- [What you have to do]
From the entries below, return exactly the lines beginning at the one that contains "Mörkbrun Morris &" and ending at the one that contains "Это довольно вкусное, сбалансированное", both of them included, and only those lines.

- [Data provided]

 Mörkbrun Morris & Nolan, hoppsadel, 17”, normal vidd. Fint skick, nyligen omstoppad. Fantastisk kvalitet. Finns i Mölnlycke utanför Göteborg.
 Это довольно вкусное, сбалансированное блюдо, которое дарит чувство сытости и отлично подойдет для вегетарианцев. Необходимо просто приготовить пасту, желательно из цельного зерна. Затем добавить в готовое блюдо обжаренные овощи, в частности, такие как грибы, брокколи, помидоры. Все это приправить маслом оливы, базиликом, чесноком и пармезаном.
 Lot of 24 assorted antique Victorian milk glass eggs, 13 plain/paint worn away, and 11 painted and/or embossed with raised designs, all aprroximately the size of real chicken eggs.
--
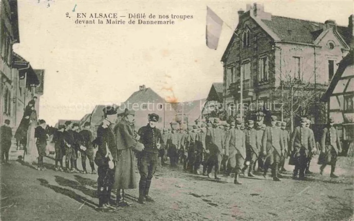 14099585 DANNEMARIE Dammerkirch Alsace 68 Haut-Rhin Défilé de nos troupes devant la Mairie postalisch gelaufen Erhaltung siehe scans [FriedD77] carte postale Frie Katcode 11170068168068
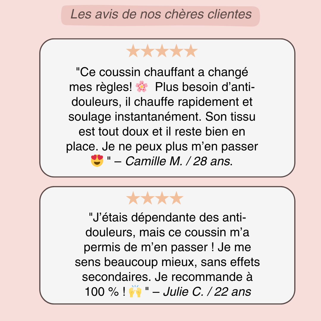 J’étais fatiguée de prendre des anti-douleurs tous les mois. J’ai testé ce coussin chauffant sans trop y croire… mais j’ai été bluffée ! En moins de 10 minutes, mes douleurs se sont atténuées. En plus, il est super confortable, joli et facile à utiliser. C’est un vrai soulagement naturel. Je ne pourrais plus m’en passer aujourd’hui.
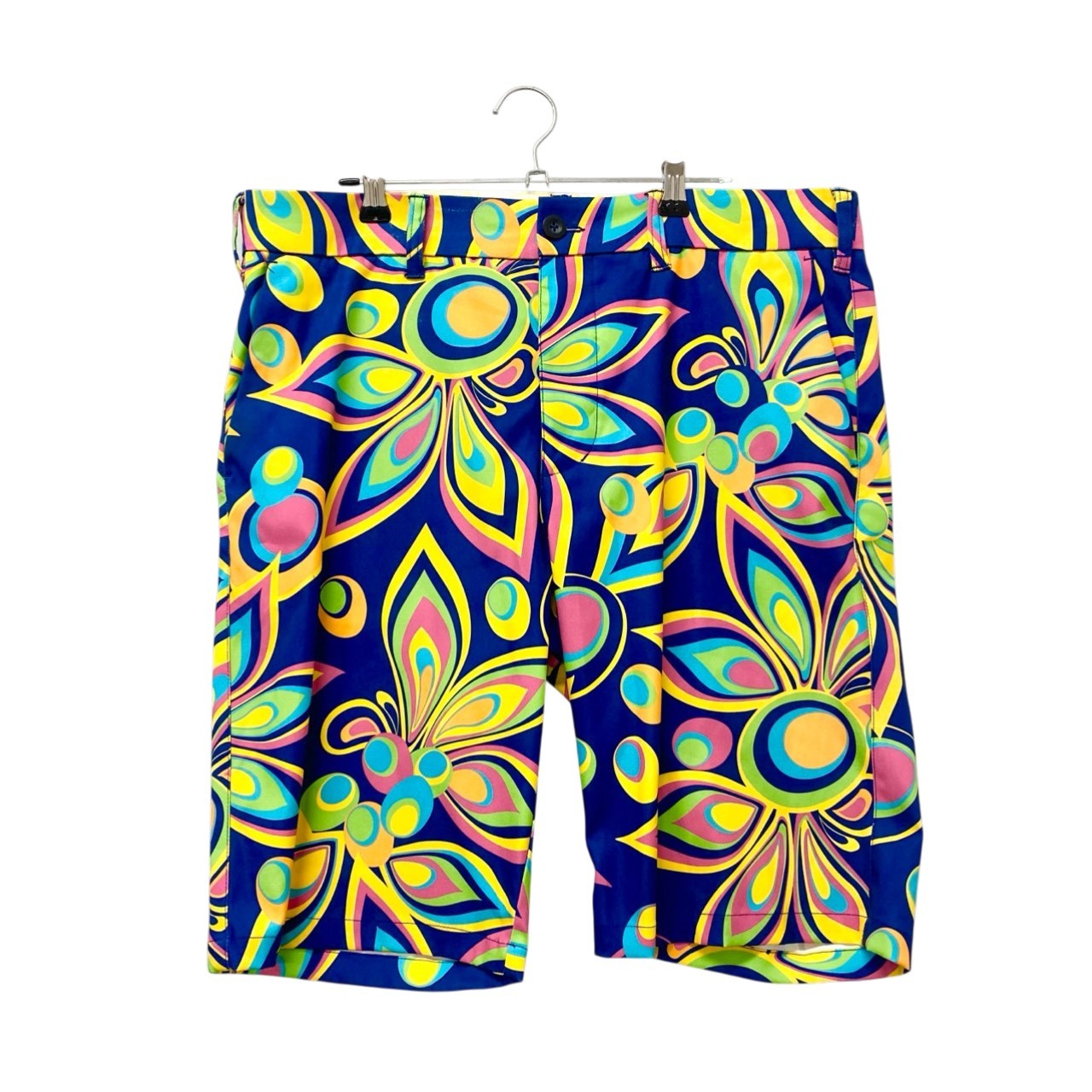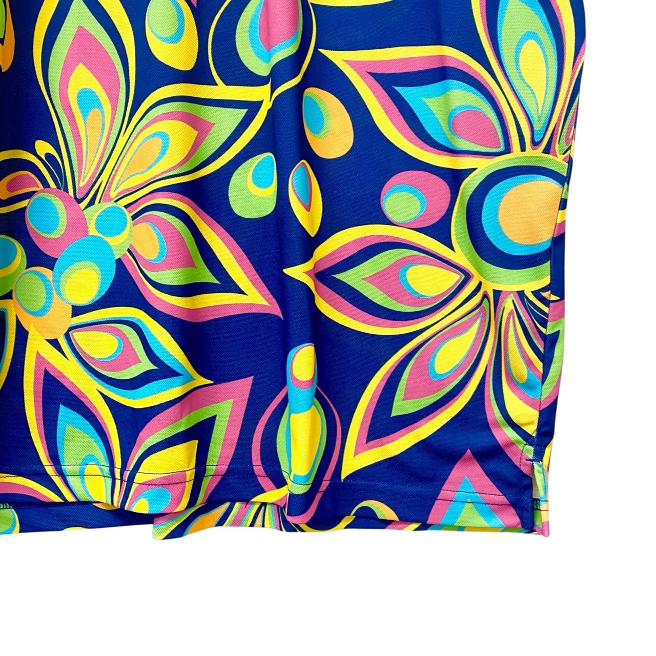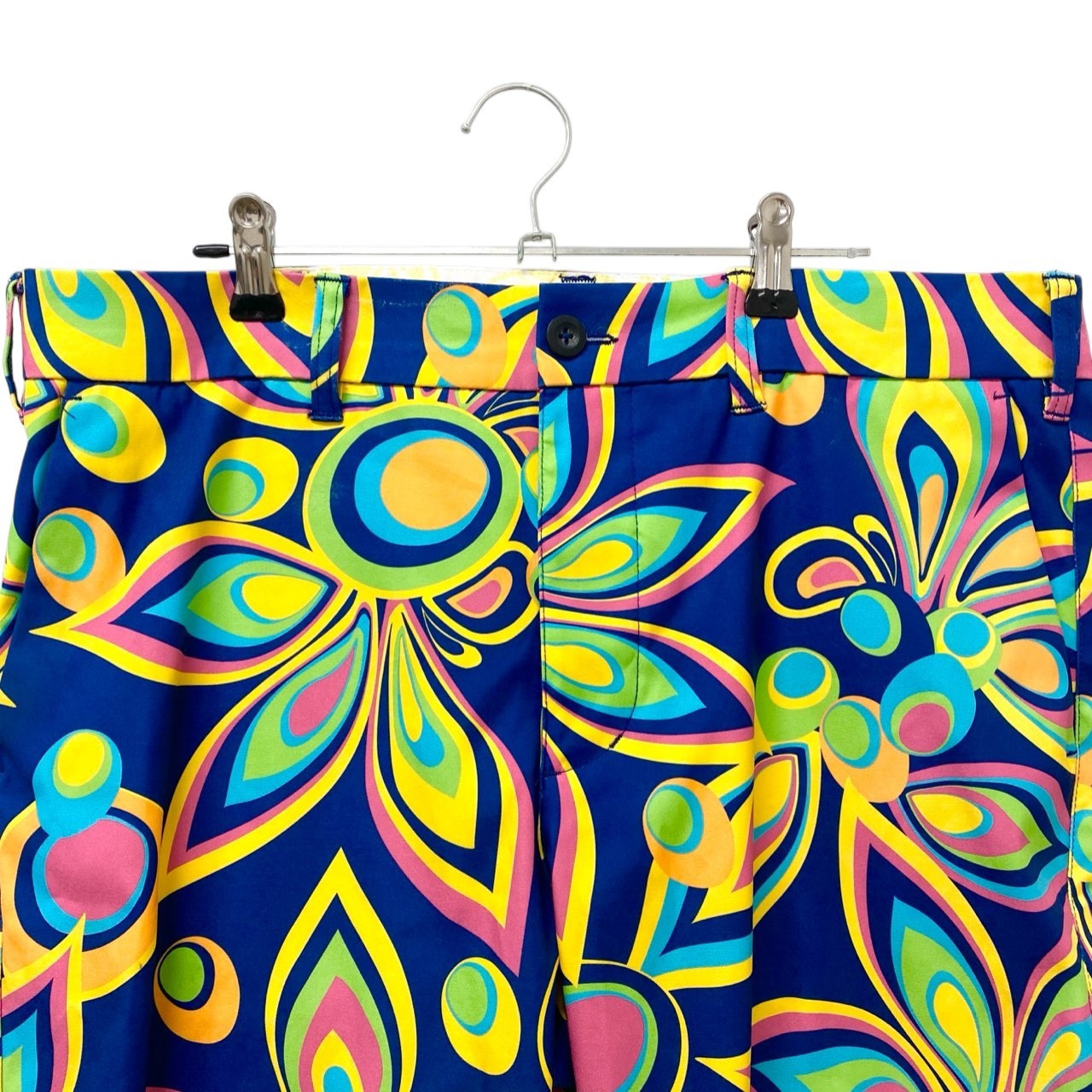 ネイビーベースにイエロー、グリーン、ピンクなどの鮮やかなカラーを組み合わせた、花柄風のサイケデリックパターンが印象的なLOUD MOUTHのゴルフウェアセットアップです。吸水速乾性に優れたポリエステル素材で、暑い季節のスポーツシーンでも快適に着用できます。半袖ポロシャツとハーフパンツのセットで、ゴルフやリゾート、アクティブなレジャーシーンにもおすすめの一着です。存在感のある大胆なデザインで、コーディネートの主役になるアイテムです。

- [Result below]
 Mörkbrun Morris & Nolan, hoppsadel, 17”, normal vidd. Fint skick, nyligen omstoppad. Fantastisk kvalitet. Finns i Mölnlycke utanför Göteborg.
 Это довольно вкусное, сбалансированное блюдо, которое дарит чувство сытости и отлично подойдет для вегетарианцев. Необходимо просто приготовить пасту, желательно из цельного зерна. Затем добавить в готовое блюдо обжаренные овощи, в частности, такие как грибы, брокколи, помидоры. Все это приправить маслом оливы, базиликом, чесноком и пармезаном.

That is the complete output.